• [TO DO] Transcribe the listing exactly, so that nothing but the pictures is missing.

• [PROVIDED MATERIAL]
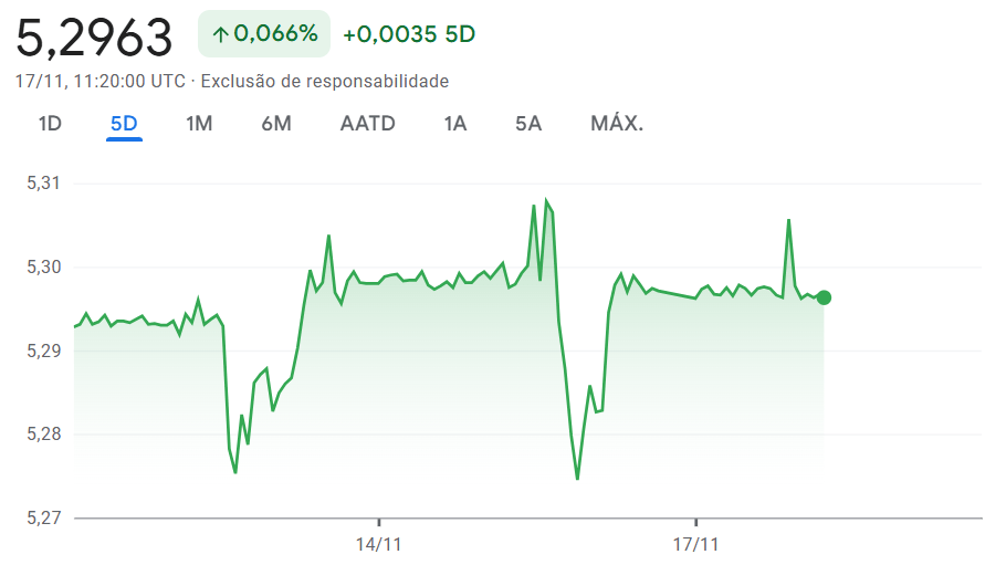 No mesmo dia, o dólar recuou 0,02%, fechando a R$ 5,297. Depois de duas altas seguidas, a moeda resolveu observar. Isso importa porque:
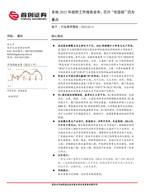 【首创证券】【20220211】多地2022年政府工作报告发布,芯片“攻坚战”仍为重点-6页 行业研究
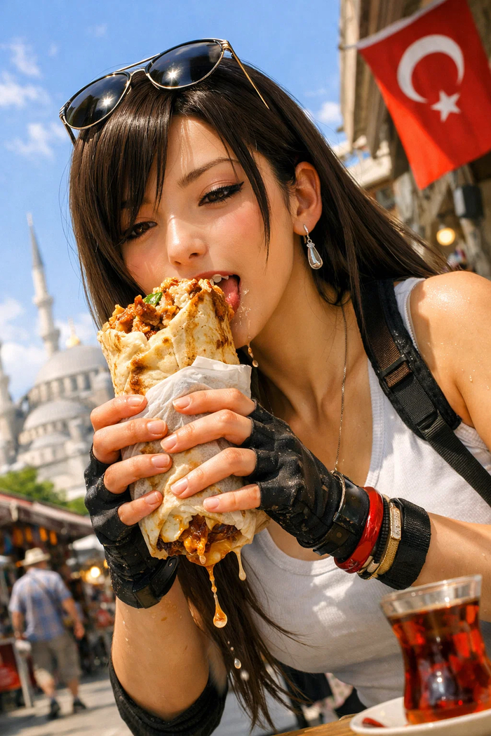 Турецкий донер: Тифа решила, что после всех боссов пора на нормальный отдых. Первый стоп - Стамбул. Донер такой огромный, что соус уже на перчатках. #Тифа #AIart #Турция
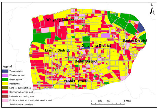 Figure 6 shows that residential land occupies most of the land in the center of Xi’an. Further observation reveals that residential land, commercial service land, and public administration and public service land are distributed in each administrative district, while green space is mainly distributed in Weiyang District, Lianhu District, Beilin District, and Baqiao District.
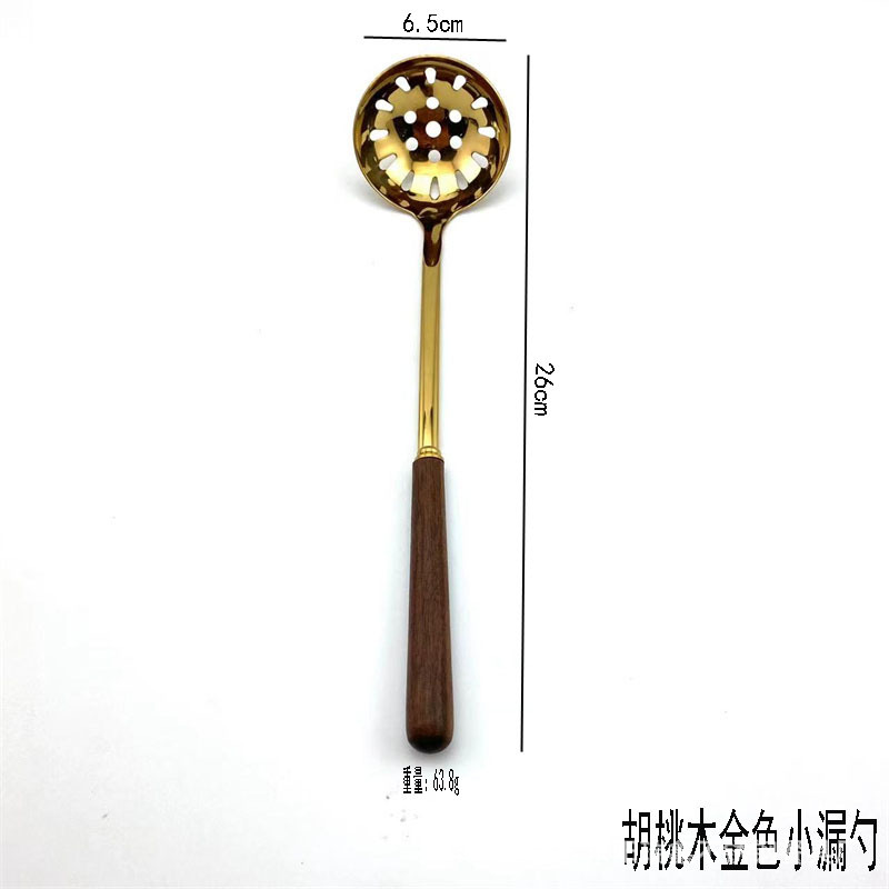 • 대나무 손잡이가 있는 스테인레스 스틸 골드 7, 3cm 소쿠리 스푼
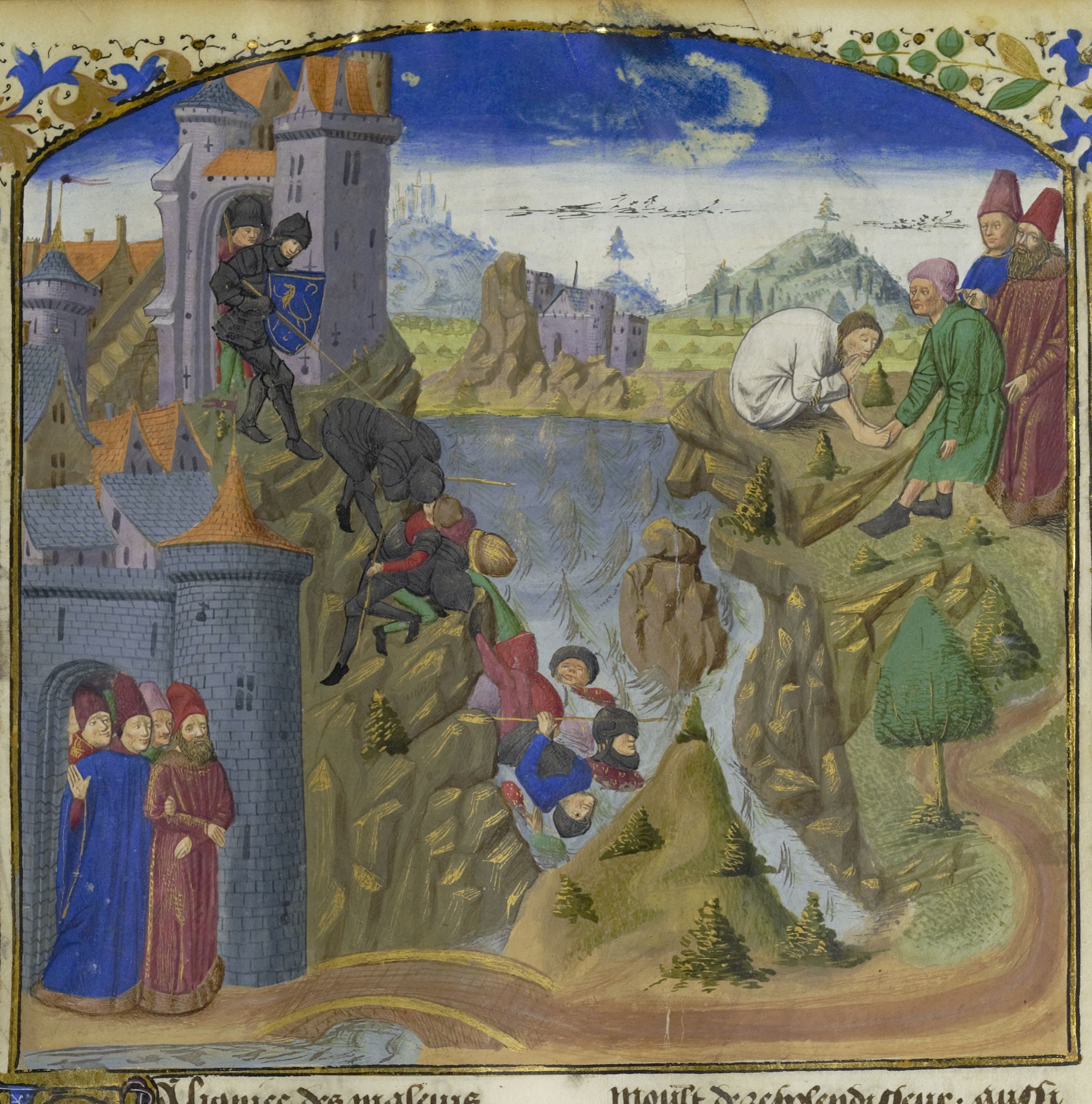 Parigi, Bibliothèque Nationale de France, Fr. 597, f. 58r. Marco Manlio Capitolino respinge l'assedio dei Galli al Campidoglio; Manlio Capitolino viene imprigionato; Manlio Capitolino si appella ai giudici prima di venir gettato dalla rupe Tarpea.

• [EXERCISE OUTPUT]
 No mesmo dia, o dólar recuou 0,02%, fechando a R$ 5,297. Depois de duas altas seguidas, a moeda resolveu observar. Isso importa porque:
 【首创证券】【20220211】多地2022年政府工作报告发布,芯片“攻坚战”仍为重点-6页 行业研究
 Турецкий донер: Тифа решила, что после всех боссов пора на нормальный отдых. Первый стоп - Стамбул. Донер такой огромный, что соус уже на перчатках. #Тифа #AIart #Турция
 Figure 6 shows that residential land occupies most of the land in the center of Xi’an. Further observation reveals that residential land, commercial service land, and public administration and public service land are distributed in each administrative district, while green space is mainly distributed in Weiyang District, Lianhu District, Beilin District, and Baqiao District.
 • 대나무 손잡이가 있는 스테인레스 스틸 골드 7, 3cm 소쿠리 스푼
 Parigi, Bibliothèque Nationale de France, Fr. 597, f. 58r. Marco Manlio Capitolino respinge l'assedio dei Galli al Campidoglio; Manlio Capitolino viene imprigionato; Manlio Capitolino si appella ai giudici prima di venir gettato dalla rupe Tarpea.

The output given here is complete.